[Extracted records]
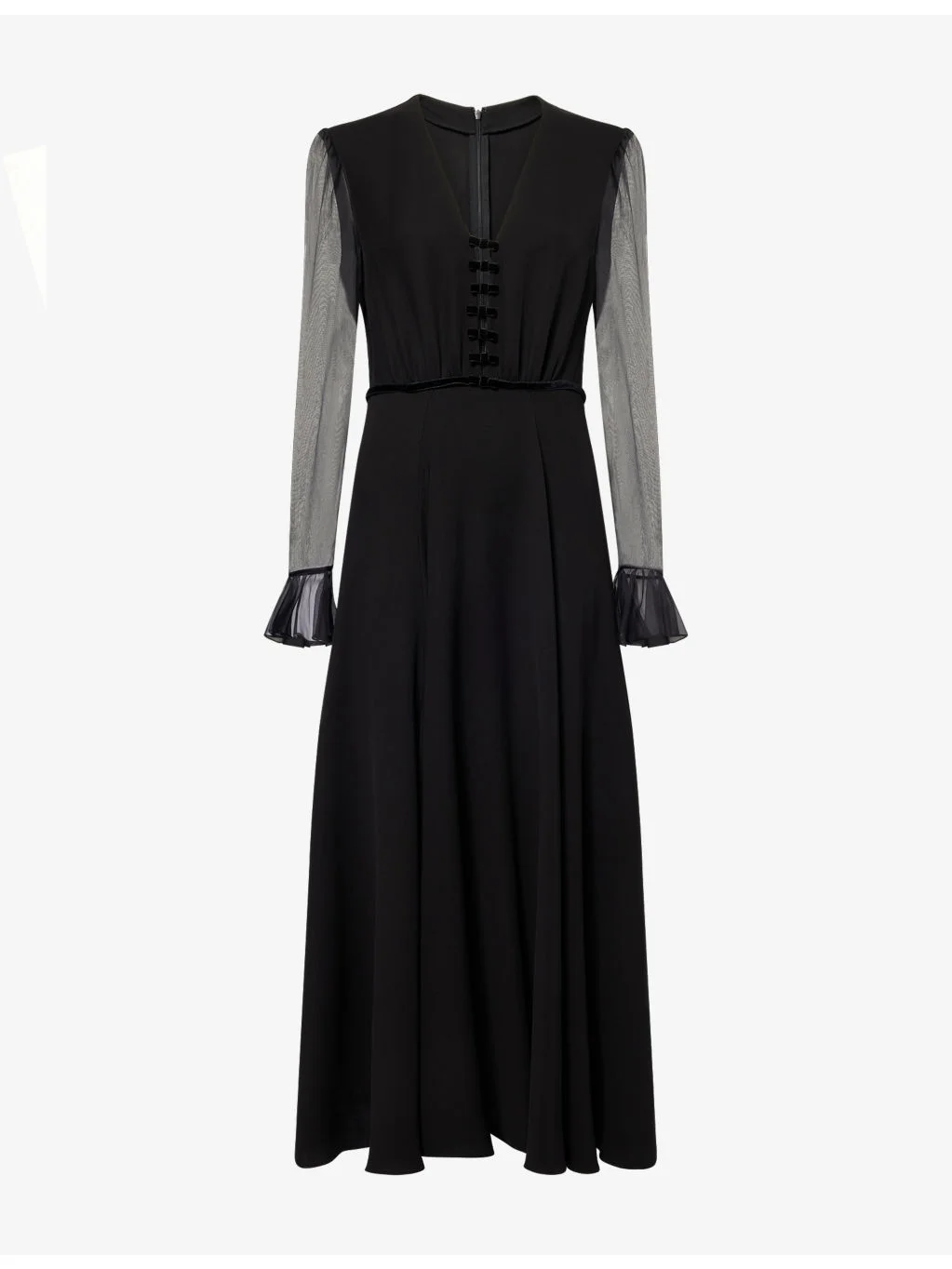 PRODUCT DETAILS - Valentino silk midi dress - 100% silk; trims 90% viscose, 10% polyamide - Concealed zip fastening at back - Regular fit, V-neck, sheer long sleeves, riffled cuffs, velvet bows embellishment at front and belt, all-over crepe texture, flared hem - True to size - Made in Italy - Dry clean - Size UK 40: length 49in / 102cm - Model is 5ft 10in/1.78m and wears a size UK 40 - Lightweight, slight stretch Ref: R04462392
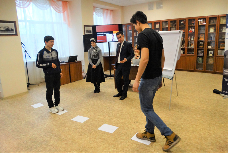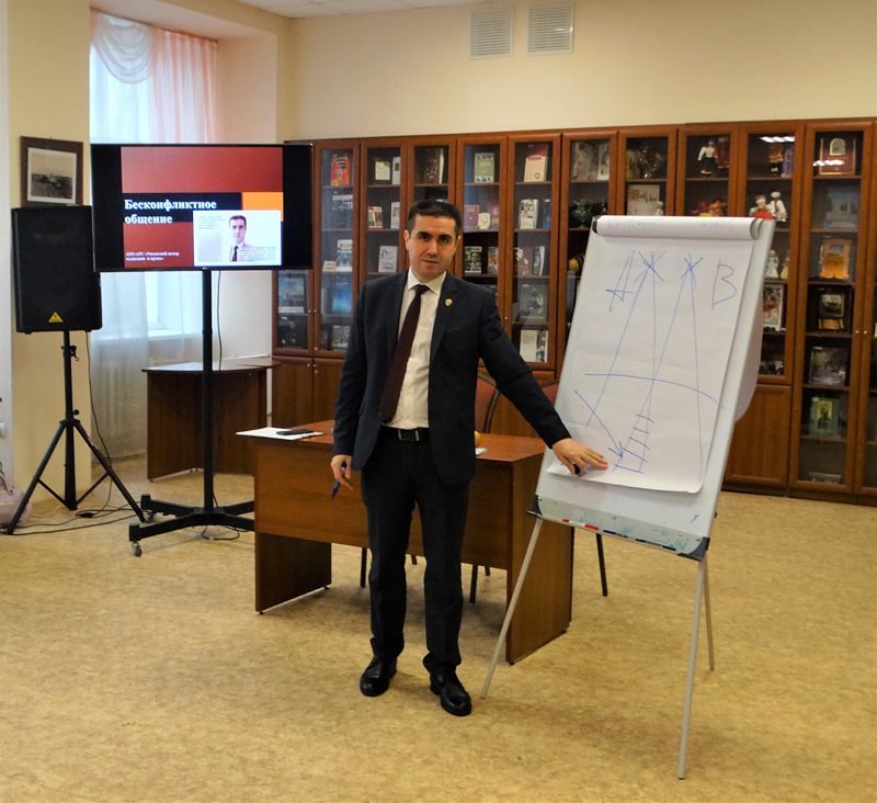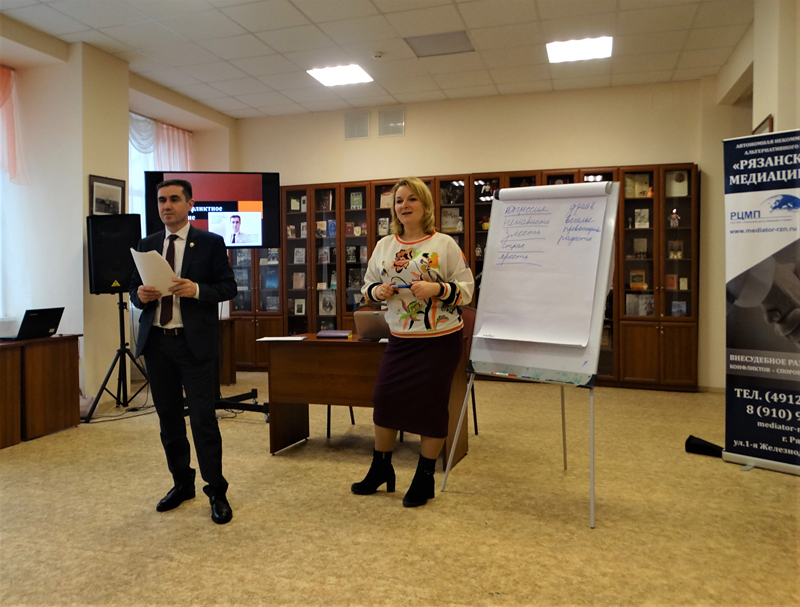 В рамках проекта «Искусство жить вместе» в библиотеке им. Горького прошел тренинг-мастер-класс по бесконфликтному общению. Провели встречу профессиональные медиаторы из Рязанского центра медиации и права Самир Нариманович Гараев, Андрей Владимирович Ромашкин, Ольга Владимировна Богачева, Наталья Владимировна Бубяшова, Наталья Николаевна Перескокова, Наталия Николаевна Иноземцева и Роман Васильевич Солодухо.
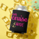 Enjoy your vacation with this black can cooler adorned with the design, on cruise mode in a pink with a gold accent anchor.
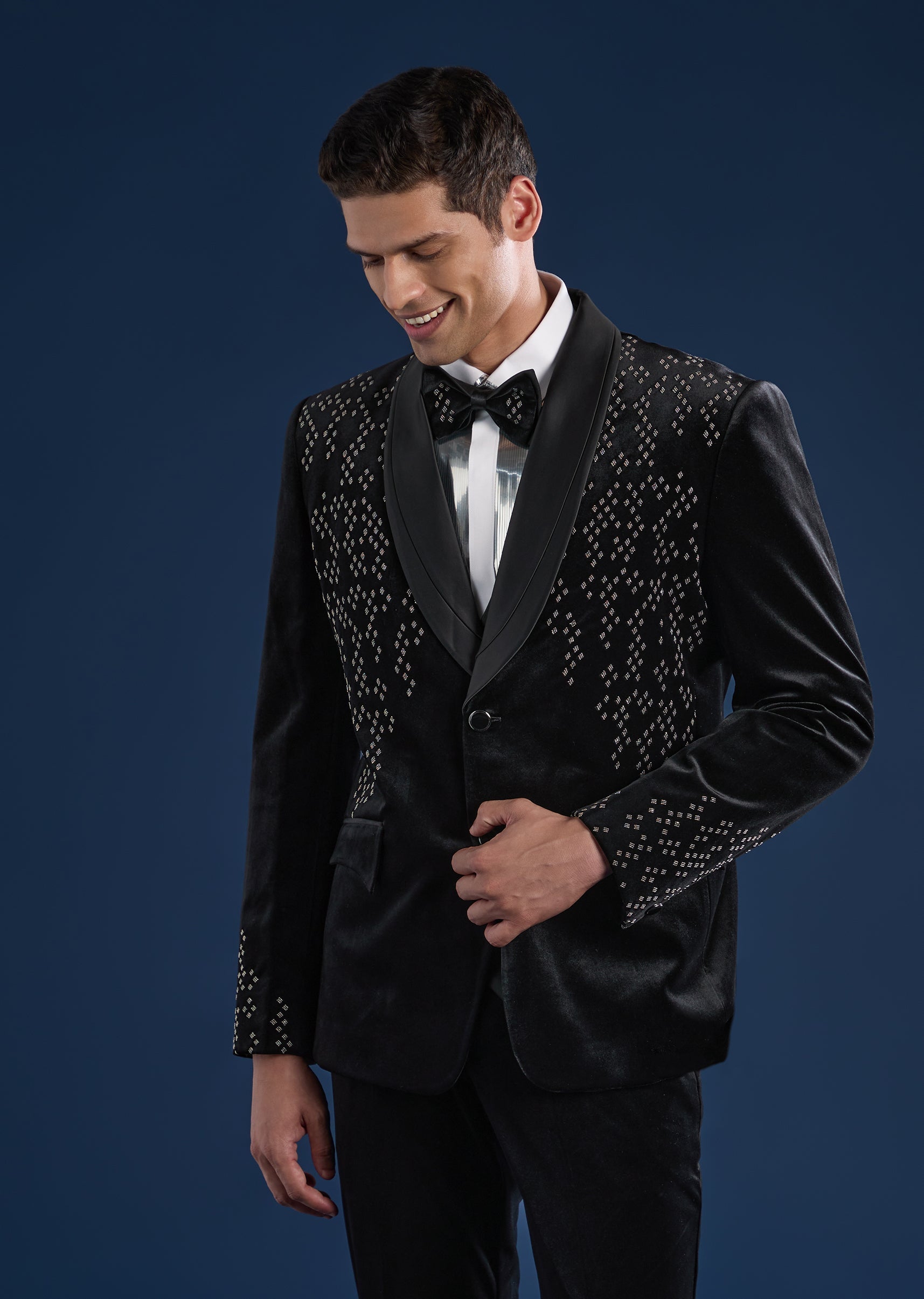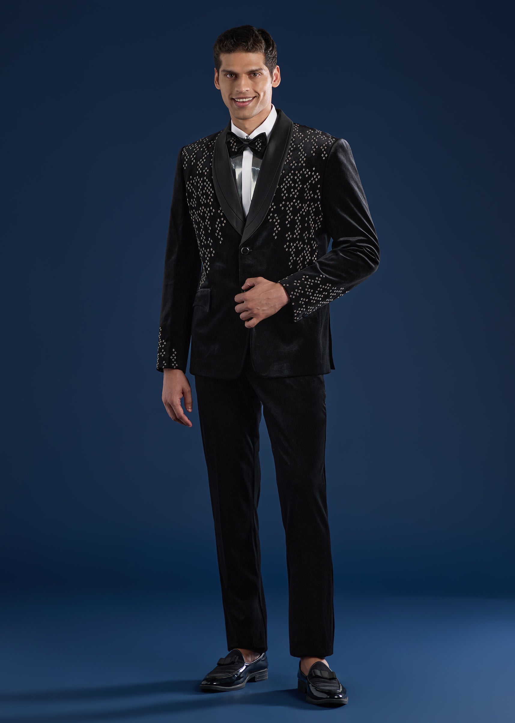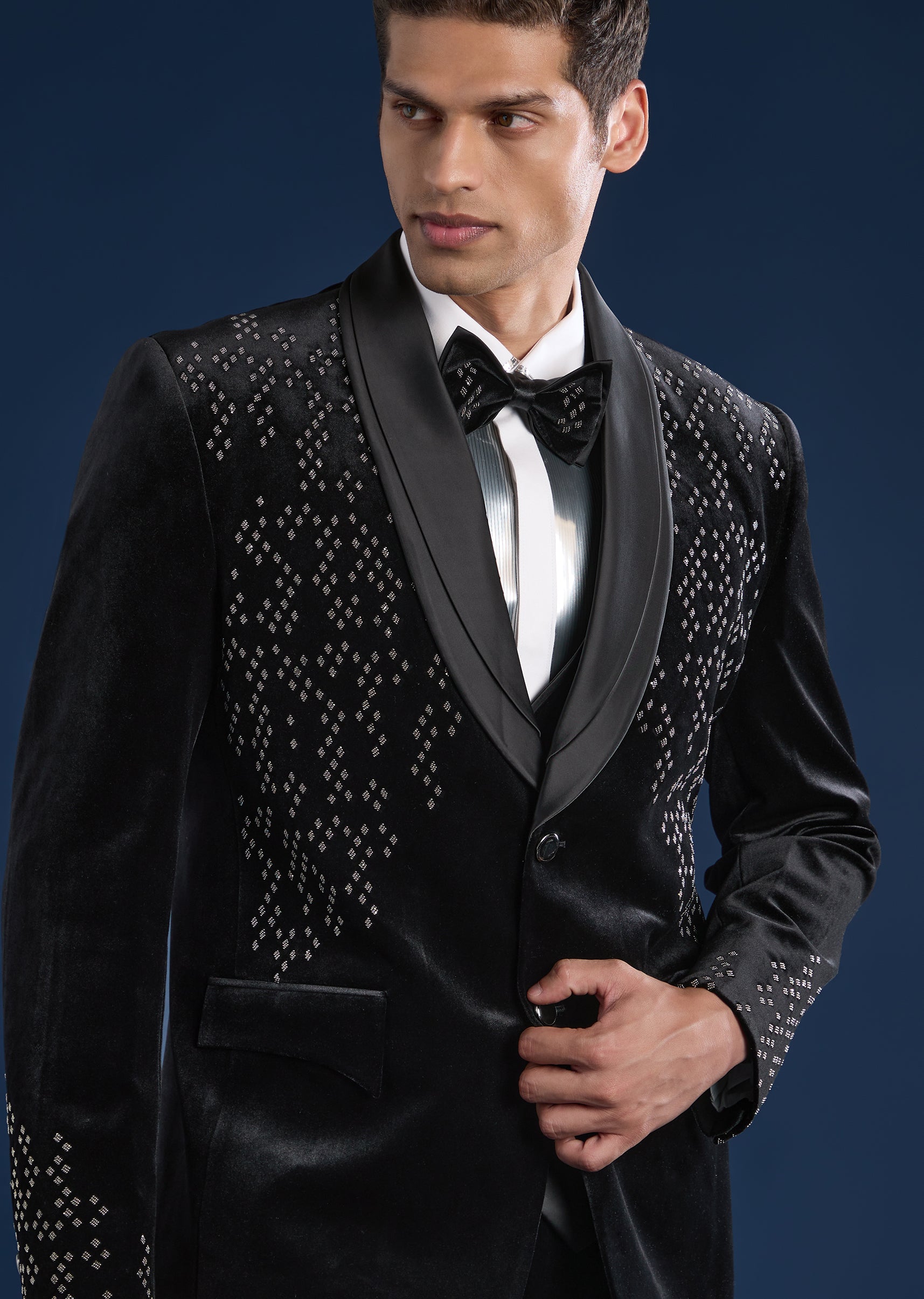 Bold and contemporary, this black tuxedo set is crafted in plush velvet for statement evening dressing. Featuring a mandarin collar and bead embellishments, the set includes a tuxedo, waistcoat, shirt,... More Product Details
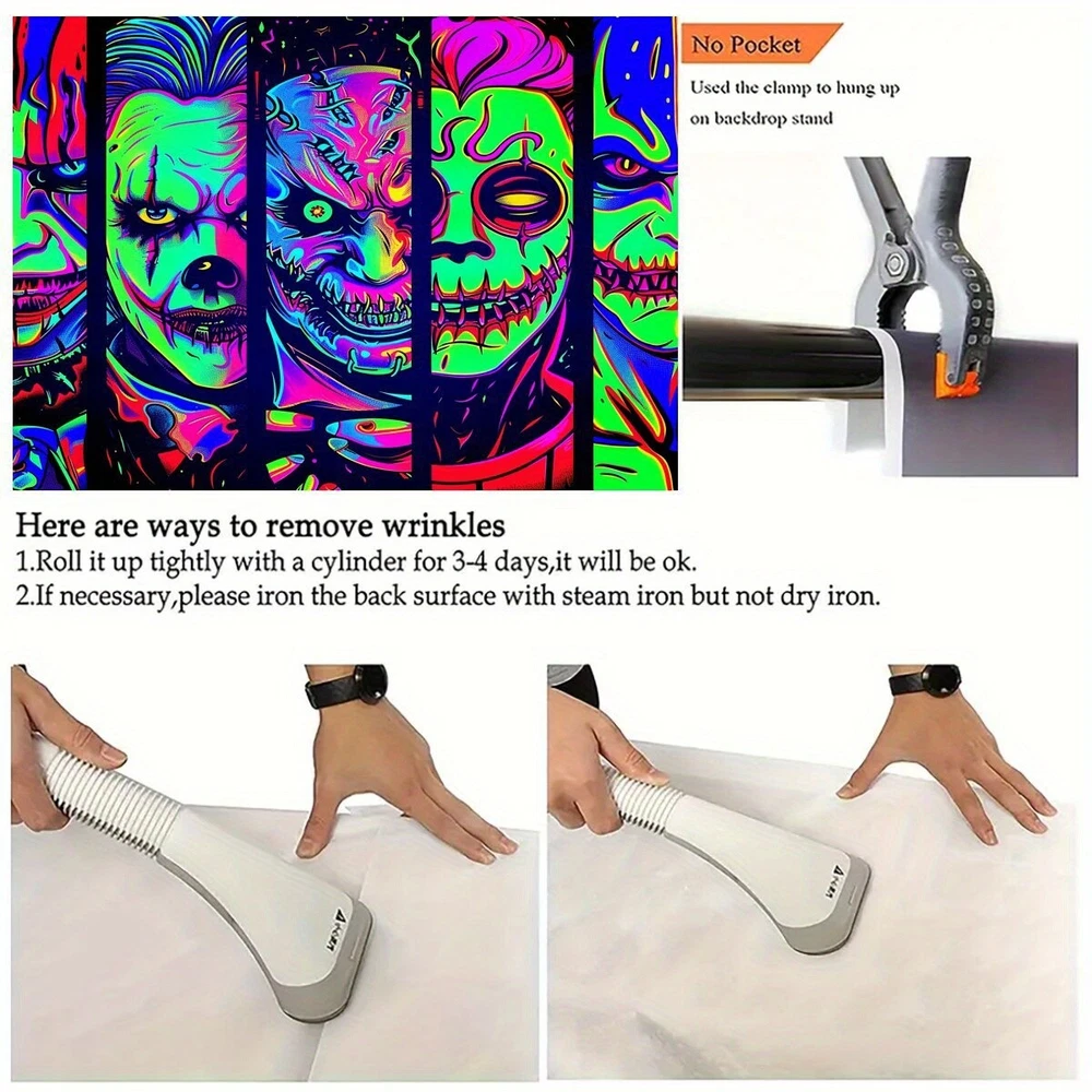 UV Reactive Geometric Tapestry - Fluorescent Blacklight Wall Art for Parties & F

REQUIREMENT: Please write out all the data word for word, but keep every picture out.

SOLUTION FOR THIS TASK:
 PRODUCT DETAILS - Valentino silk midi dress - 100% silk; trims 90% viscose, 10% polyamide - Concealed zip fastening at back - Regular fit, V-neck, sheer long sleeves, riffled cuffs, velvet bows embellishment at front and belt, all-over crepe texture, flared hem - True to size - Made in Italy - Dry clean - Size UK 40: length 49in / 102cm - Model is 5ft 10in/1.78m and wears a size UK 40 - Lightweight, slight stretch Ref: R04462392
 В рамках проекта «Искусство жить вместе» в библиотеке им. Горького прошел тренинг-мастер-класс по бесконфликтному общению. Провели встречу профессиональные медиаторы из Рязанского центра медиации и права Самир Нариманович Гараев, Андрей Владимирович Ромашкин, Ольга Владимировна Богачева, Наталья Владимировна Бубяшова, Наталья Николаевна Перескокова, Наталия Николаевна Иноземцева и Роман Васильевич Солодухо.
 Enjoy your vacation with this black can cooler adorned with the design, on cruise mode in a pink with a gold accent anchor.
 Bold and contemporary, this black tuxedo set is crafted in plush velvet for statement evening dressing. Featuring a mandarin collar and bead embellishments, the set includes a tuxedo, waistcoat, shirt,... More Product Details
 UV Reactive Geometric Tapestry - Fluorescent Blacklight Wall Art for Parties & F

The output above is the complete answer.